President Ma Ying-jeou (馬英九) raised eyebrows recently when it was revealed that his lawyer had filed a letter of committal for trial to the Taipei District Court with regard to a forgery lawsuit Ma filed against Prosecutor Hou Kuan-jen (侯寬仁) in January last year.
Hou was one of the prosecutors probing Ma’s handling of his special allowance funds when Ma was Taipei mayor, minister of justice, vice chairman of the Mainland Affairs Council and other posts.
Ma accused Hou of inaccurately documenting his questioning of Wu Li-ju (吳麗洳), a Taipei City Government treasurer, about how Ma used his special mayoral fund.
PHOTO: LIAO CHEN-HUI, TAIPEI TIMES
‘BIAS’
Last year Ma asked the court to remove three prosecutors from his cases, citing “bias,” but State Public Prosecutor-General Chen Tsung-ming (陳聰明) rejected the request.
The Presidential Office defended Ma’s decision to go after Hou, arguing that the move was not out of personal interest but to serve as an example to others.
Minister of Justice Wang Ching-feng (王清峰) said she respected the president’s right to do so.
Former vice president Annette Lu (呂秀蓮) said Hou might deserve scrutiny, but he alone must not be targeted.
Lu is also under investigation for her use of the special allowance fund during her stint as Taoyuan County commissioner.

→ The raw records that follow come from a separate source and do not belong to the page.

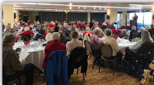
We all had a great time!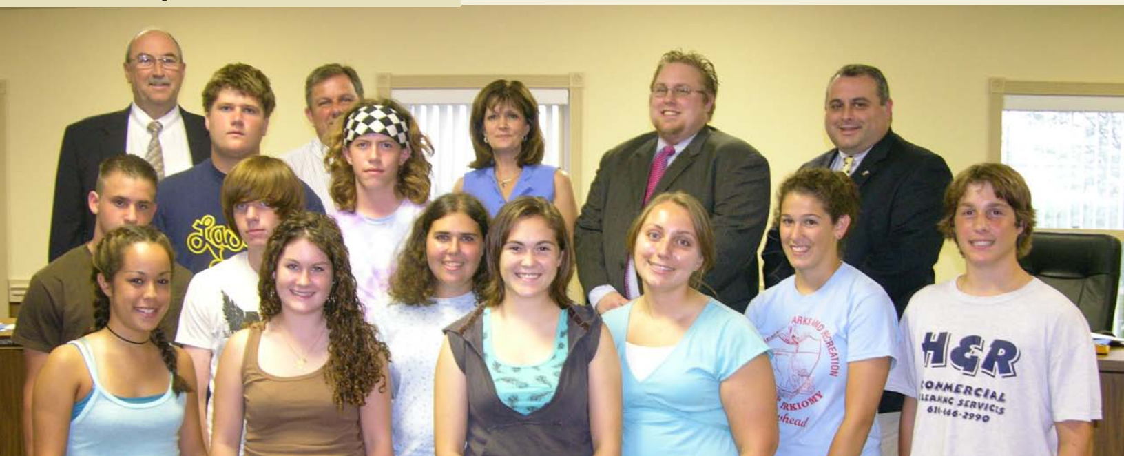
▼ Outstanding Youth Award recipients and the Board of Supervisors

Counselors not needed for their regular duties offered to help the Township in whatever way they could. They handed out flyers, served as runners for the Emergency Operations Center, and helped to distribute dry ice. These exceptional teens were presented with Outstanding Youth Awards by the Board of Supervisors.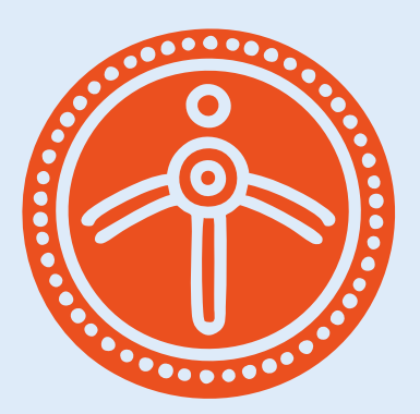
Agency and Self-Determination

Closing the gap between Aboriginal and Torres Strait Islander and non-Indigenous people requires a concerted effort, grounded in the three themes of this report: Agency and Self- Determination ; Leadership and Solidarity ; and Reform and Transformation .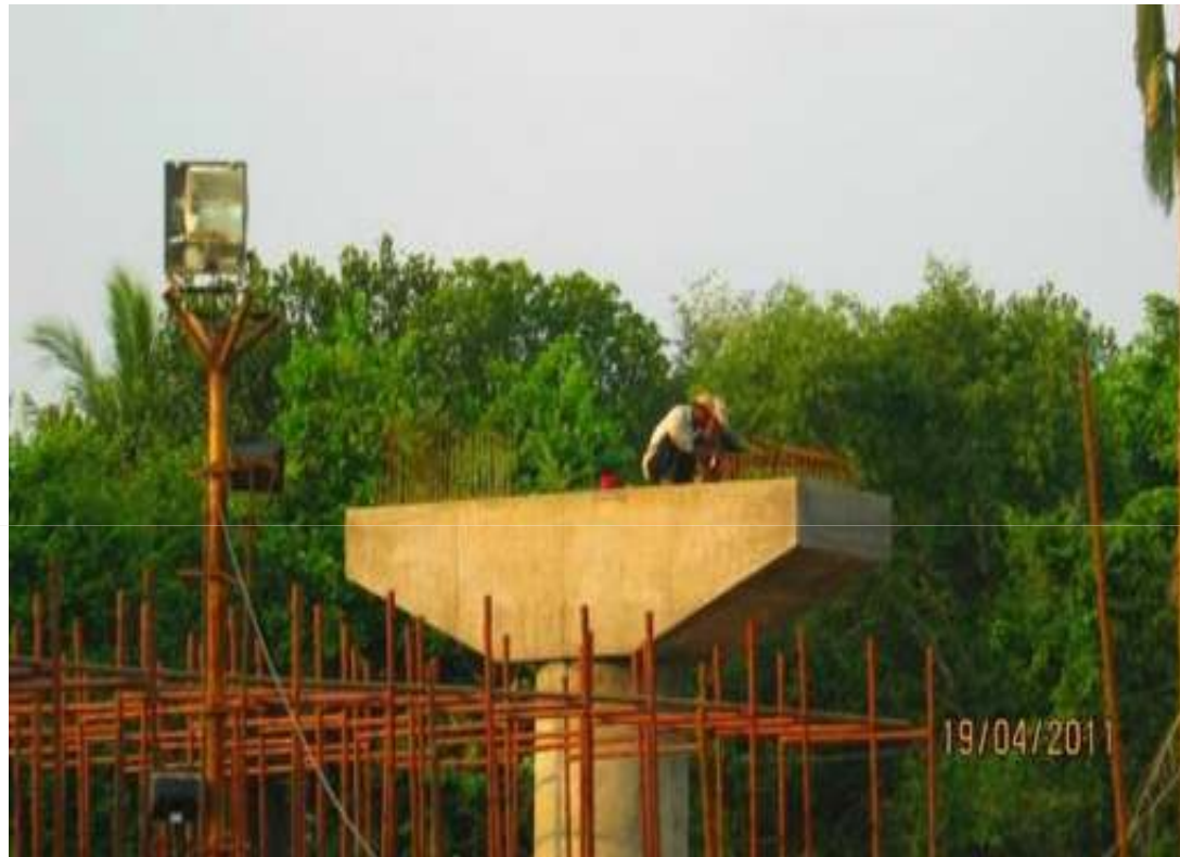
Reinforcement work for pedestal - 19.04.2011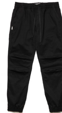
BLACK • 1302004.LMT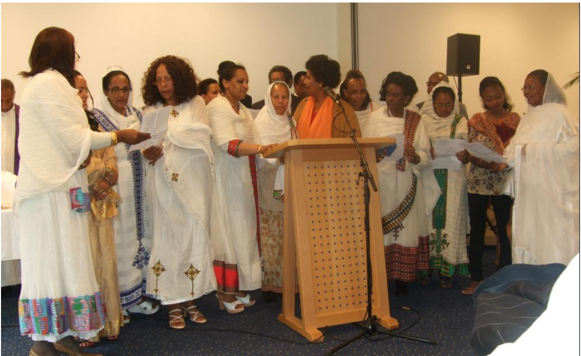
Singers in Tigre language (Geleb)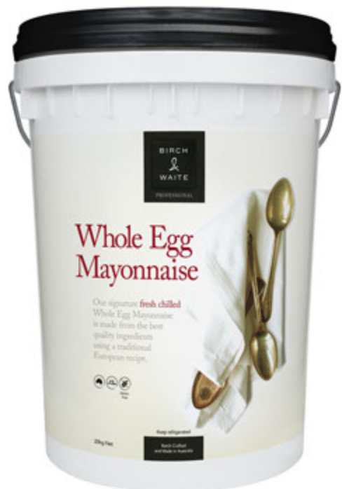
Whole Egg Mayonnaise 20kg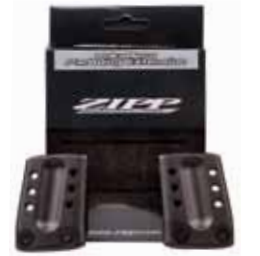
Zipp Aero Bar Pad Extensions For Bayonet Bars

Lu urged Ma to help all those embroiled in cases involving the discretionary fund, which she described as a “historic glitch.”
Former premier Frank Hsieh (謝長廷) criticized Ma for sabotaging the constitutional system, saying Ma should step down and give up his presidential immunity before filing the appeal.

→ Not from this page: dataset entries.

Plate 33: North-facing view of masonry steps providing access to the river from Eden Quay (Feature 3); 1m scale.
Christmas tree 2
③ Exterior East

Judicial Reform Foundation executive director Kao Yung-cheng (高涌誠) said that he did not see how Ma would benefit from the lawsuit or how, in Ma’s word, his decision would serve the public interest.

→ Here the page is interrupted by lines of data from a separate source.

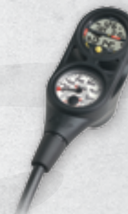
XR-1 Nx TM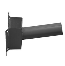
14077796 Hot-dipped galvanized wall angled steel bracket, cataphoresis and polyester powder Anthracite gray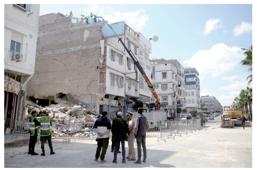
Caption: Illegal constructions that cannot be regularized and for which a list of irregularities has been drawn up are to be demolished.

N 2019, the Government had tained from the Ministry of Housing, ting permits for repair, regularization, launched a regularization only 2,898 regularization requests were filed with the relevant departconstructions except that the ments in accordance with decree no. operation did not deliver the expected 2.18.475 of June 12, 2019 setting the results since, according to figures ob- procedures and modalities for gran-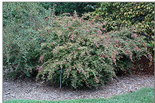
Edward Goucher Abelia in bloom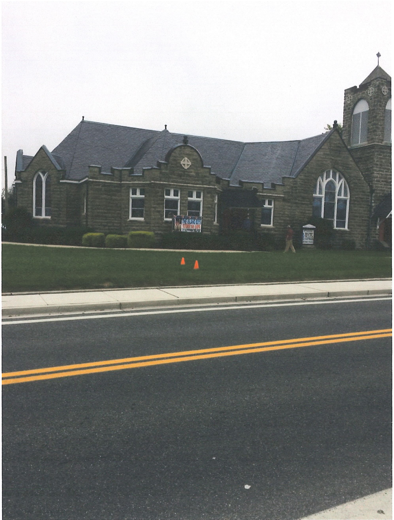
Traffic cones mark proposed location of Buckingham Presbyterian Church Sign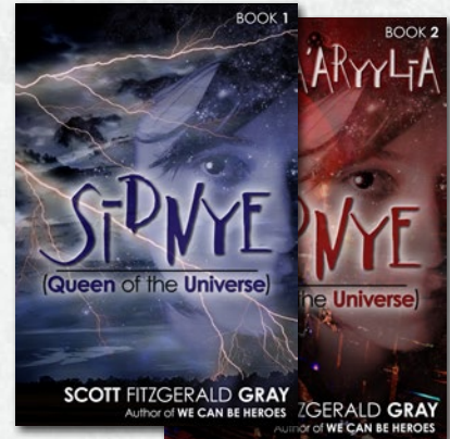
Sidnye (Queen of the Universe)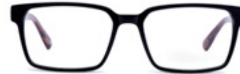
C3 - BLACK SLATE WHBRU3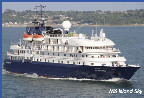
MS Island Sky

Adventurers have two chances to explore the once forbidden Russian White Sea region next year, onboard Wild Earth Travel's newly renovated 116-passenger MS Island Sky .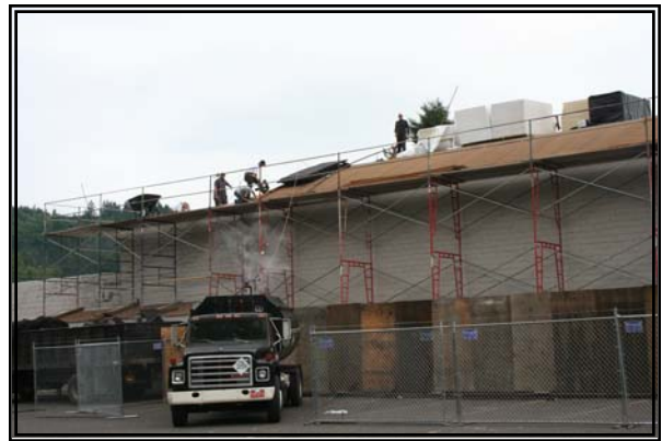
Six schools were re-roofed or had roof repairs this summer: Boring Middle (shown), Naas, Kelso, Sandy Grade, Cedar Ridge, and the current Sandy High facility.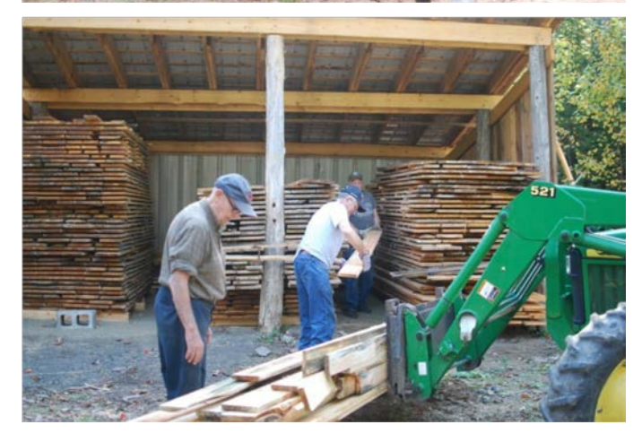
Salvage timber harvest of trees that blew down in October 2017 windstorm. Tuesday Crew worked with students from Brewer High School and built storage shed for lumber. Lumber was used for several museum new buildings.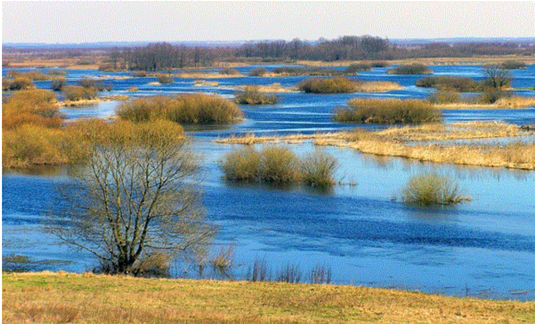
Figure 3: Wetlands and floodplains in the valley of the Biebrza River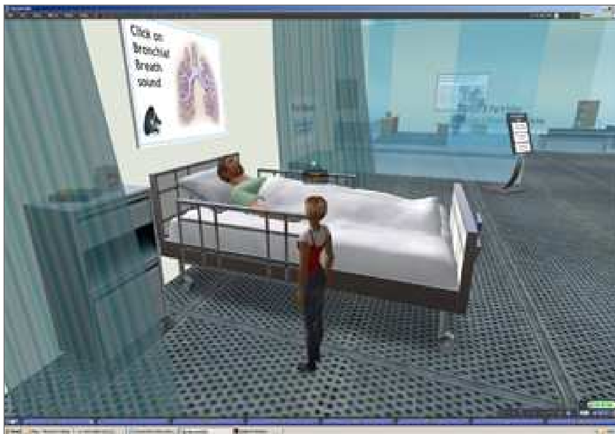
Figure 3. Virtual Patient at the Respiratory Ward – Imperial College London region in Second Life® ( http://slurl.com/secondlife/Imperial%20College%20London/150/86/27/ ).

The Faculty of Medicine at Imperial College London has developed a Respiratory Ward in Second Life® with a series of virtual patients activities following a game-based learning model (Figure 3). The game-based learning activities aim to drive experiential, diagnostic and role-play learning activities within the 3-D world, aiming to support patients' diagnoses, investigations and treatment. The Respiratory Ward was developed with five virtual patients covering (medical history, differential diagnosis, investigations, working diagnosis and management plan). Different narratives and modes of representation were developed within the areas described above (introductions, scaffolding information, diagnostic capabilities, assessment and triggers) (Toro-Troconis et al, 2008b).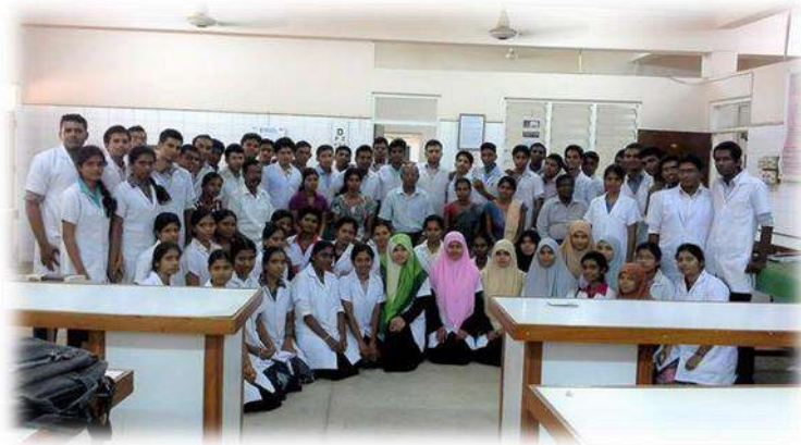
Figure 10. Pre-clinical students after a practical

The Evidence-Based Practice and Research Module (EBPRM), which begins in Phase 1 and continues into Phase 3, introduces students to basic research concepts in Phase 1 through lectures, practical activities, and small group discussions. Students must pass the EBPRM assessment in Phase 2 to proceed to the final year.

Kao said he did not blame Ma’s legal advisers for making such a suggestion, but Ma — a law graduate and seasoned politician — did not seem to have the political wisdom to make the best decision.
It would be a lose-lose situation for Ma, Kao said, because the public would doubt the impartiality of the court if Ma wins, and Ma would put himself in an awkward position if he loses.
Statistics show that the odds of Ma winning the case are one in a thousand, Kao said, adding that he was “99 percent sure the court would turn down Ma’s request.”
Kao said legally Ma had the right to go after Hou as a civilian, but the question was whether it was necessary for the president to desert administrative means and seek justice in court.
As prosecutors are civil servants, Kao said Ma could have the justice minister or state public prosecutor-general mete out punishment had Hou done anything wrong.
Ma could also make efforts to improve the evaluation system of prosecutors, strengthen their exit mechanism or ask the government watchdog, the Control Yuan, to step in.
With its legislative majority, Kao said Ma could also ask the Chinese Nationalist Party (KMT) to amend the laws and make the system better rather than seeking personal justice at the expense of others.
UNCONSTITUTIONAL
Kao said the system of committal for trial was problematic and flawed, with some criminal litigation experts considering it unconstitutional.
While the prosecutor, in this case Hou, was cleared of the forgery charges by the district court and high court, the accused, in this case Ma, requested another court to decide the propriety of the rulings of the district and high courts.
“It is like having the player be the umpire,” he said. “I don’t know how the president’s appeal would help improve the judiciary.”
Chen Yen-hui (陳延輝), a professor at National Taiwan Normal University’s Graduate Institute of Political Science, said Ma could have the Ministry of Justice or state public prosecutor-general punish Hou had he forged the document in question, adding that Ma would not have any problem seeing Hou dismissed if Ma’s claim proved true.
“But I find Ma’s decision very strange,” Chen said. “I thought the president’s job was to deal with daily state affairs, but it seems he is more concerned about how to make all prosecutors do what he wants.”
By going after Hou, Chen said Ma was sending out a message to other prosecutors that he cannot be touched, or they would end up like Hou.
If Ma was serious about judicial reform, Chen said he could hire someone he trusts to do the job, but what he was doing now seemed to be “killing the chicken to scare the monkeys.”
Huang Chii-chen (黃啟禎), a law professor at Tunghai University, said if Ma meant what he said by serving the public interest, he should revamp the system so more people would benefit from it.
Ma’s move might draw much media attention, but it also intimidated the judiciary, Huang said.
While Ma has said he wanted to see prosecutors record the questioning process more accurately, Huang said he had not seen Ma present any concrete measure to achieve this goal.
“His argument makes sense, but between coming after a prosecutor and amending the law, it is more appropriate for the president to choose the latter,” he said.
“There shouldn’t be any problem for the KMT to revise any law because it enjoys a majority in the legislature,” he said.
Lin Ming-hsin (林明昕), a law professor at National Taiwan University, said that from the legal viewpoint, the president was entitled to sue anyone, and it was his right to justify such an action.
JUDGMENT
“For the president, he must make the best political judgment possible,” he said.
From the non-legal point of view, Lin said he did not see any meaning to Ma’s move except for political considerations.
Lin said that he suspected it was a scheme aimed at using his old litigation to revitalize public interest in the legal case against former president Chen Shui-bian (陳水扁).